The nice thing about the STM8 is the simplicity, in particular the startup code, which only consists of one assembly file that I could easily read and change.
So to save space on my 32kB ROM I ended up removing pretty much all the startup code apart from setting up the stack pointer. For the variable initialization I just initialized the whole RAM to zero, then initialized in my main the (very few) variables that needed a different value. It worked very well, and I saved loads of ROM space.

I am trying to do the same for the ARM Cortex-M, but I just want to make sure I do not miss anything "important". Like I did for the STM8, I am checking the final ASM code in the project AXF file.

Reading on the net, it seems the __scatterloadXXX ASM functions do the following:
* initialize to zero all global variables which are uninitialized in C code (I guess as a safety?)
* initialize the other global variables (this part just gets removed if I have no initialized variables in my C code)

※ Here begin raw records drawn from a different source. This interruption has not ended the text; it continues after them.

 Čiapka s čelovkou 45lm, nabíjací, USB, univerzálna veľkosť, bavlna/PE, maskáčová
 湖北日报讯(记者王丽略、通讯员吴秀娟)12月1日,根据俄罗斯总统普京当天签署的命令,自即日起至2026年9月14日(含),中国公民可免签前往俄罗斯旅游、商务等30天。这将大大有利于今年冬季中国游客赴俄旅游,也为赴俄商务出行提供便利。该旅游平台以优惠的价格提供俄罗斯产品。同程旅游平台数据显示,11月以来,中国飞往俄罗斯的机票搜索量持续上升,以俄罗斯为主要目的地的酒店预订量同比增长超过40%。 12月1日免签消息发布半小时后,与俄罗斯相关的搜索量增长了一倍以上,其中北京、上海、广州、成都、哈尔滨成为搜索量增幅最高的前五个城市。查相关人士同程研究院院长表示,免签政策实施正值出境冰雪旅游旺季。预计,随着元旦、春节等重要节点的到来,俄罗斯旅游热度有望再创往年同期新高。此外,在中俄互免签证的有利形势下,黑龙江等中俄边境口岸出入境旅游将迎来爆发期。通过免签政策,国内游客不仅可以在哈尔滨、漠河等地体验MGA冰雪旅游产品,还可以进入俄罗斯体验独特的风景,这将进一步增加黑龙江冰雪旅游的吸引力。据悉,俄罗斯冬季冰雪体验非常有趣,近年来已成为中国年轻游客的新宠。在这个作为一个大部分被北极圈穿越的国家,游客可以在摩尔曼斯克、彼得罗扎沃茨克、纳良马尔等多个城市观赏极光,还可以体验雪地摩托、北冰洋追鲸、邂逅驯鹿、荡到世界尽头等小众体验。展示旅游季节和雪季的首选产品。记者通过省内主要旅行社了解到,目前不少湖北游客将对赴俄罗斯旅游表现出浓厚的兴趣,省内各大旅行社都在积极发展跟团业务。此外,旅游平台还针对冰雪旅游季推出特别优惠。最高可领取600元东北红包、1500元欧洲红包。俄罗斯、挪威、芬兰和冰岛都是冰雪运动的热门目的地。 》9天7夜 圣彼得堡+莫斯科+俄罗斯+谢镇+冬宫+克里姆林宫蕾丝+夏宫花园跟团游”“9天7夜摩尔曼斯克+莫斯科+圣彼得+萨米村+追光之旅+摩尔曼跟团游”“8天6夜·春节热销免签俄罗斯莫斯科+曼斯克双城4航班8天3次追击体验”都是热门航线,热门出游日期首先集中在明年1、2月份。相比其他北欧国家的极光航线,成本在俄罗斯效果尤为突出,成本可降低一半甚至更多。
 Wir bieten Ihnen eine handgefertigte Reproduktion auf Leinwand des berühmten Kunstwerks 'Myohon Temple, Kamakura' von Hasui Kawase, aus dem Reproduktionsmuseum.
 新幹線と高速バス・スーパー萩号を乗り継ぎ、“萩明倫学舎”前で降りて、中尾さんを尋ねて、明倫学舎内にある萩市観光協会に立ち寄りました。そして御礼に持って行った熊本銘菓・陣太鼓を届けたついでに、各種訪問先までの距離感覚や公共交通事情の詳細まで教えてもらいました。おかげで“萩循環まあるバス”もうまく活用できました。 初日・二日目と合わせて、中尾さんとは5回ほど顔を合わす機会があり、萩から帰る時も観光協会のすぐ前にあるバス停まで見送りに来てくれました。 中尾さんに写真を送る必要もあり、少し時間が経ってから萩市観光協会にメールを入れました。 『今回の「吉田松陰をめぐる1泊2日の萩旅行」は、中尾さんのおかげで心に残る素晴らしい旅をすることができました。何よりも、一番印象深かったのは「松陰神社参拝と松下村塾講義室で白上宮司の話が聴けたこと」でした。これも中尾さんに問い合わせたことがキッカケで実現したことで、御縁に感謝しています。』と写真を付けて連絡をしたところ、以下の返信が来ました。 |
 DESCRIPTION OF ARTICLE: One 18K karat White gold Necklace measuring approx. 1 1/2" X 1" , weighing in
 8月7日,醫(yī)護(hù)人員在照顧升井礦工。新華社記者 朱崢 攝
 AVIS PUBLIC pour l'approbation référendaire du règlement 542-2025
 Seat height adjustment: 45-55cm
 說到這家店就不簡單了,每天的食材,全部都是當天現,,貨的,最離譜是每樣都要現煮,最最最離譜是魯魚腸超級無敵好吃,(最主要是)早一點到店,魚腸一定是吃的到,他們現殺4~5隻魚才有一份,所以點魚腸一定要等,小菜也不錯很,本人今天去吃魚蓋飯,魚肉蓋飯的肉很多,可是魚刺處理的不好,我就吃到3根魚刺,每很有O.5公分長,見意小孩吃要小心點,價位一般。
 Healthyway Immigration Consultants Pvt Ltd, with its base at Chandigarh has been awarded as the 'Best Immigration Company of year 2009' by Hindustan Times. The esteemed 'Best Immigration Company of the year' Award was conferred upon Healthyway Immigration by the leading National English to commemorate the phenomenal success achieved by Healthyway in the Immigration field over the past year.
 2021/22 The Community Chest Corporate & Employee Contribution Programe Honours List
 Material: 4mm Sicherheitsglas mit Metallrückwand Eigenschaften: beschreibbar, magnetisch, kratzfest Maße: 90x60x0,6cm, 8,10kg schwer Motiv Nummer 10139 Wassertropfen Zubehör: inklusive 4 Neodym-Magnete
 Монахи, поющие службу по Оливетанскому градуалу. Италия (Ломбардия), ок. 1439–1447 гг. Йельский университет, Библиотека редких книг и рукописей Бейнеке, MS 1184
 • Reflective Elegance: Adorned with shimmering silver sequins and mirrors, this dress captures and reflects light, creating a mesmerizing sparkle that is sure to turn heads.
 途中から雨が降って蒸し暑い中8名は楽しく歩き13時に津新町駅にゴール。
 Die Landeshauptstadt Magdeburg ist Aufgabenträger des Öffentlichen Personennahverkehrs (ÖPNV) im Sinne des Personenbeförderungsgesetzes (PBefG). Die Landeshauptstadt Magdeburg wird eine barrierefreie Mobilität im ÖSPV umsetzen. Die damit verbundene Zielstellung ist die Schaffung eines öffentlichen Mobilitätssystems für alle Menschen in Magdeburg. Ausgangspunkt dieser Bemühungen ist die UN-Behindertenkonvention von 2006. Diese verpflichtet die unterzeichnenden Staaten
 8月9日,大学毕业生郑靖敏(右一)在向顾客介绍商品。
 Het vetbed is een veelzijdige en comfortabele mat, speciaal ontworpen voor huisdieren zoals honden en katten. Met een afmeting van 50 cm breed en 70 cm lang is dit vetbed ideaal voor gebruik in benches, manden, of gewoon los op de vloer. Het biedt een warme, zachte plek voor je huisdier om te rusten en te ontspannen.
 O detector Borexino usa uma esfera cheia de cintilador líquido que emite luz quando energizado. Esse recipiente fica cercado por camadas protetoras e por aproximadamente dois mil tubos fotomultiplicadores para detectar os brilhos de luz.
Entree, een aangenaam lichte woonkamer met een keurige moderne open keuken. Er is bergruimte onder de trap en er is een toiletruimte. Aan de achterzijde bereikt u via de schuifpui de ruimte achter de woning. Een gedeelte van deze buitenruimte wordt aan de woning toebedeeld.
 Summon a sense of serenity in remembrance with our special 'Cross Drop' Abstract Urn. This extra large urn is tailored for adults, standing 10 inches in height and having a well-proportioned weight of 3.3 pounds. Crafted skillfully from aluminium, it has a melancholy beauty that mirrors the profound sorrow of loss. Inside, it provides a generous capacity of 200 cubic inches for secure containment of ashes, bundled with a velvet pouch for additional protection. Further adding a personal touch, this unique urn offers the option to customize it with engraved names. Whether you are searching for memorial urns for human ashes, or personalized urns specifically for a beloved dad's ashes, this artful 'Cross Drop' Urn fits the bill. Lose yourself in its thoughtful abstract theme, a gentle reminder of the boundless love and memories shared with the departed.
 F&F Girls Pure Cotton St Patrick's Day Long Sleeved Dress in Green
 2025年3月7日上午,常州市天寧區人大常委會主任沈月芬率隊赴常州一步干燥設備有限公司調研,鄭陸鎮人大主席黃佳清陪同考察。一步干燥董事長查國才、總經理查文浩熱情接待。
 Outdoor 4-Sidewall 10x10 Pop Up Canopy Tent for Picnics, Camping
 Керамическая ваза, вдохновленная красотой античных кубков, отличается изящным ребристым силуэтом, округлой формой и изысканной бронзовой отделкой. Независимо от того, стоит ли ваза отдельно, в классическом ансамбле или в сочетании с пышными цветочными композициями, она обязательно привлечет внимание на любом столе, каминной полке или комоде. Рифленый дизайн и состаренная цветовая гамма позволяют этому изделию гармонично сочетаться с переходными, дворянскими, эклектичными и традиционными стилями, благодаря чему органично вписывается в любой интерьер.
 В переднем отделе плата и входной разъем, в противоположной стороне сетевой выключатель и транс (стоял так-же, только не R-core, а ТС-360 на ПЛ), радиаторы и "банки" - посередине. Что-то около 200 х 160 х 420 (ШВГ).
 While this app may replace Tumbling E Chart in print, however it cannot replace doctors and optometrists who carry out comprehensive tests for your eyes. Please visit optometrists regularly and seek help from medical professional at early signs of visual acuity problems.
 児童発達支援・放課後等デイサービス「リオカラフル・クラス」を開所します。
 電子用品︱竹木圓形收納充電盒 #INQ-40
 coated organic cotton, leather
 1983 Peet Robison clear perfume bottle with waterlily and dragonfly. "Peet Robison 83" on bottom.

So far so good. But then comes the stuff I do not get:
* __user_setup_stackheap sets up the stack and the heap... The stack is already set up by the MSP register... What is there left to do? :o
And for the heap I guess it is only a "software" thing since it is not mentioned anywhere in the ARM Cortex Device Generic User Guide?
* After the call to my main() there is the whole exit and __rt_exit, which should just be a dumb forever loop? (or not needed at all since the main() does not ever end)

Unless any of these is used for debugging?

Many questions I know - sorry about that  ;D

Thank you!
Simon

PS: not 100% related, but the STM8 compiler used to create very readable Assembly listings with the associated C code in comments above each small group of Assembly commands.
When it comes to ARM, the only ASM listing I can get from the compiled code is the output of the "fromelf.exe", which shows a lot but not the original C code - is that possible?
Simon,
Creator of the Midronome - a simple and versatile MIDI Master Clock
Check it out on www.midronome.com
 

Offline Siwastaja

  • Super Contributor
  • ***
  • Posts: 4802
  • Country: fi
Re: Understanding ARM startup code (__scatterload stuff)
« Reply #1 on: October 20, 2021, 01:30:55 pm »
ARM startup is really simple because as you say, SP is set by hardware from the vector table.

Initializing globals to zero is not for safety and has nothing to do with ARM startup; it's C runtime feature and every C program on every architecture has to do it. It's simply because standard guarantees that globals (and statics within functions) without any explicit initializers are initialized to zero. So of course programmer expects this guarantee holds, but it needs to be actually done somewhere because real RAM contains random values, startup code is the place to do that.

Nothing else is really needed, and you can even skip those global initialization things but then it ain't standard-compliant C.

Usually you do want initialized globals because it makes your life easier, so then you need that, plus call to main().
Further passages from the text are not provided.